- What the task asks
Would you repeat the whole listing exactly, pictures excluded?

- Collected material
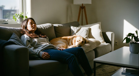 young asian woman relaxing on sofa with golden retriever dog at home
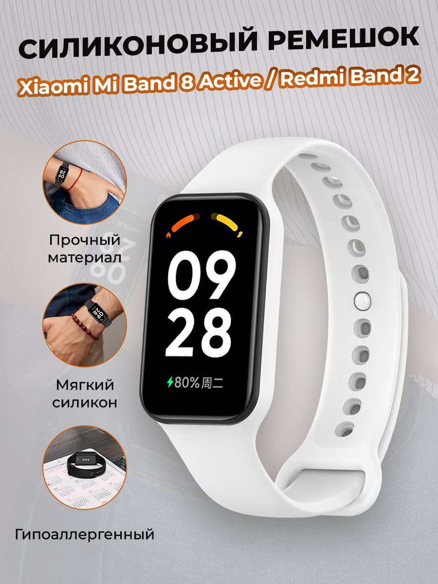 Cиликоновый ремешок для Xiaomi Mi Band 8 Active / Redmi Band 2, белый
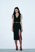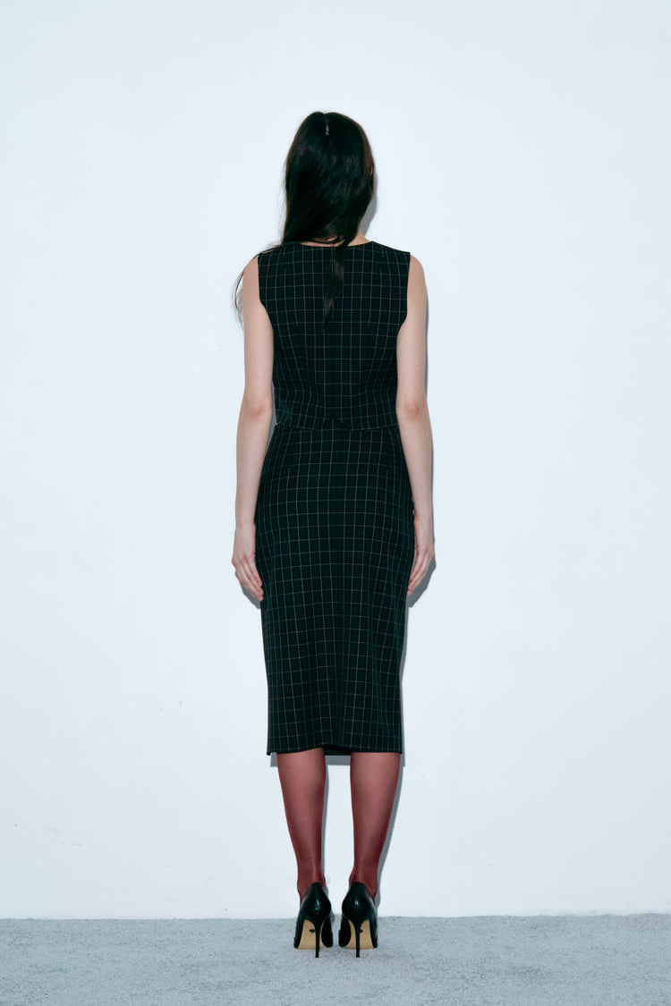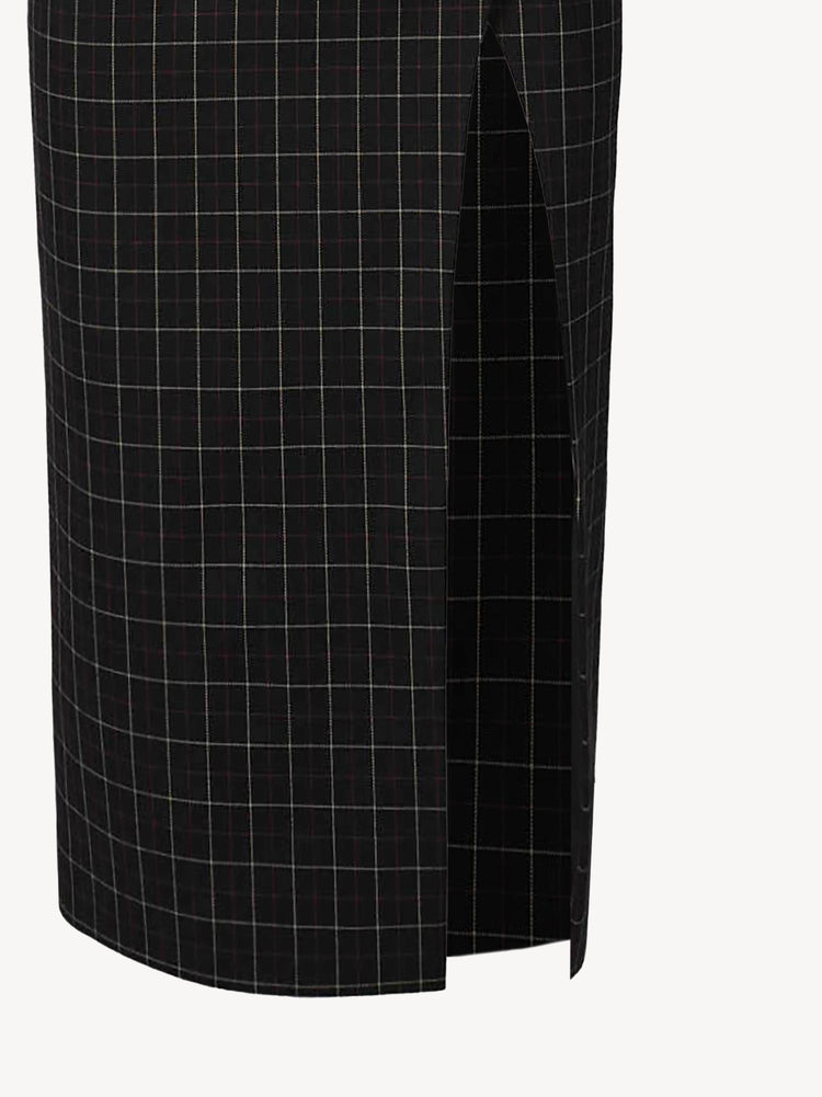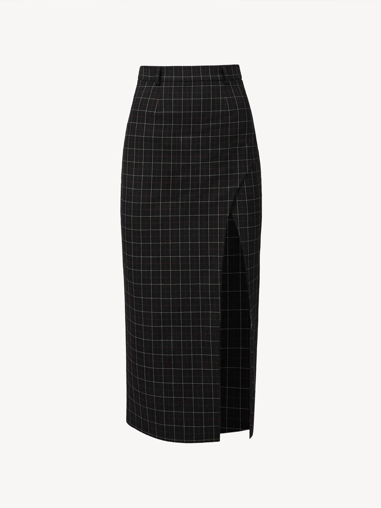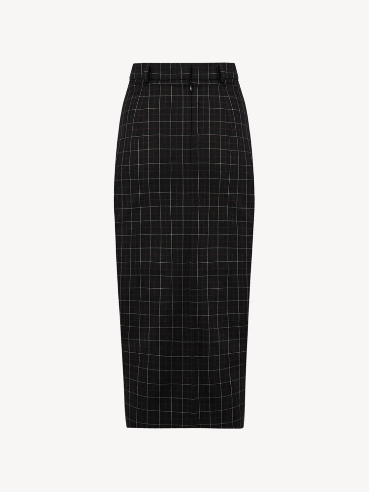 Midi pencil skirt with a slit, high waist, and zipper closure.

- Answer space
 young asian woman relaxing on sofa with golden retriever dog at home
 Cиликоновый ремешок для Xiaomi Mi Band 8 Active / Redmi Band 2, белый
 Midi pencil skirt with a slit, high waist, and zipper closure.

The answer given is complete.